Punky was recovering from cancer and coping with the recent death of their best friend when they found the league. They were looking for a way to connect with their body and use physicality to deal with their emotions. BLOWW was the perfect solution. “I never thought I would say I am a wrestler,” they said. “I never thought I could, I had no interest.”
“BLOWW taught me how to hold relationships in a healthy way and how to challenge myself in a safe way,” says Punky. “You have to get to know someone to let them touch you in certain ways when you’re wrestling, to trust them to pick you up and not drop you and break your head, because we’re risking our lives doing this. We are taking chances with each other.”
BLOWW, like the rest of the world, has adapted their schtick for the COVID era in order to survive. In May, they put on a virtual “Dungeons and Dropkicks” event using the roll of a DnD die to determine how the matches would go. They raised enough money to pay their taxes and keep their ring safely stored until shows can return. And on Aug. 15 they hosted NickeBLOWWdeon—“socially-distant digital sports entertainment” that included game shows, prizes, Slime, and “antics of the bygone era of ‘90s Nick content.” Proceeds from that show benefitted Black- and First Nations-led organizing causes.

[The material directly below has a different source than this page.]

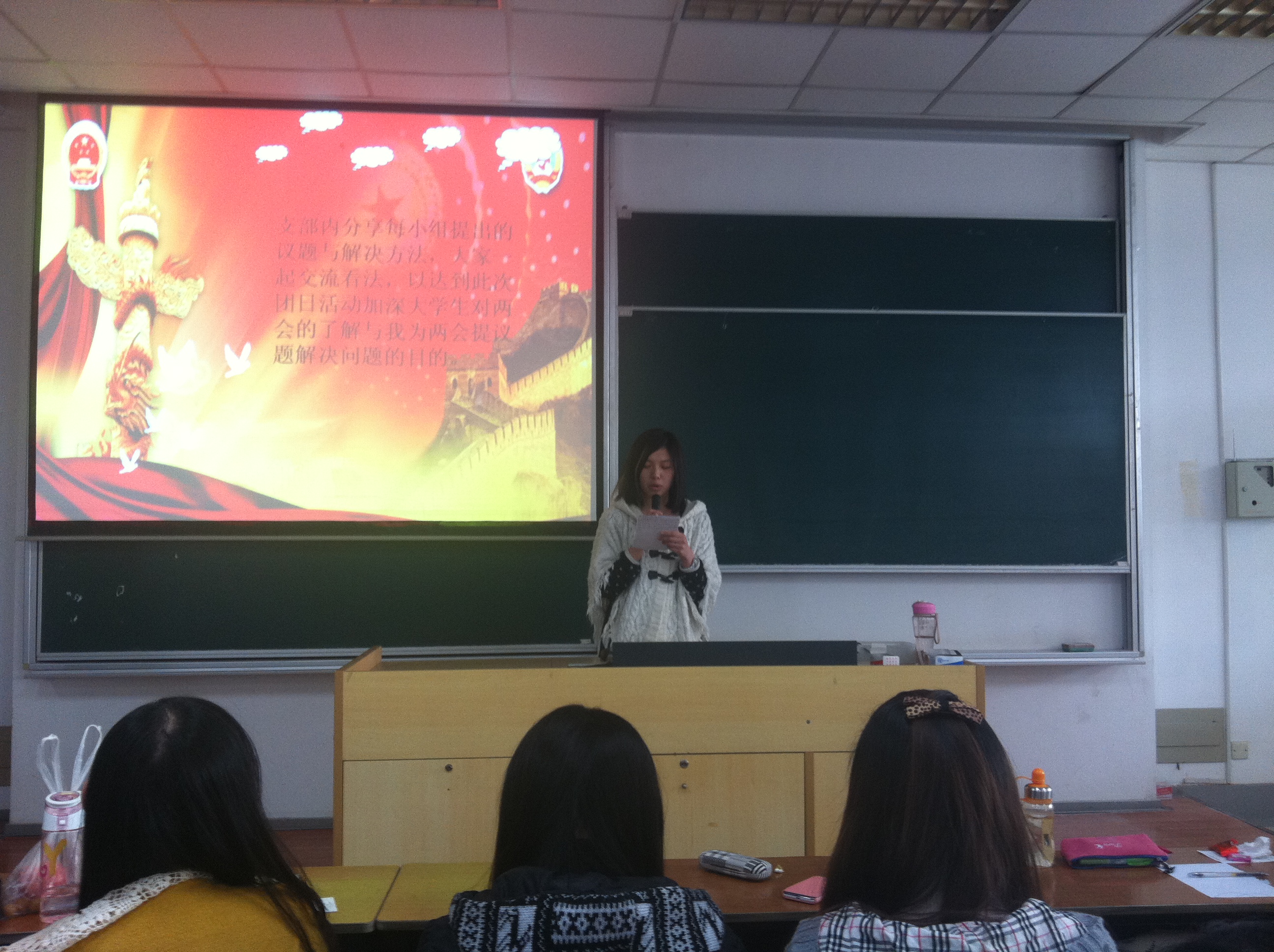 全国政协十二届一次会议和全国人大十二届一次会议于2013年3月在北京胜利召开,为深入学习“两会”精神,引导学生关心、关注国家大事,加强学生历史使命感和社会责任感,启发学生独立思考,积极实践,十三水在线 11级本科生团总支采取多种形式,灵活安排时间,积极组织学生探讨“两会”内容,学习“两会”精神。

“I really love sports. There’s something beautifully primitive and human about collectively yelling,” says Susie Newsie. “But there’s been no full, 100-percent ability to walk into an athletic sports space and feel like, ‘I belong here.’ And I feel like BLOWW provides that space and that release. You can yell for the good guys and the bad guys without wondering if this space is for you.”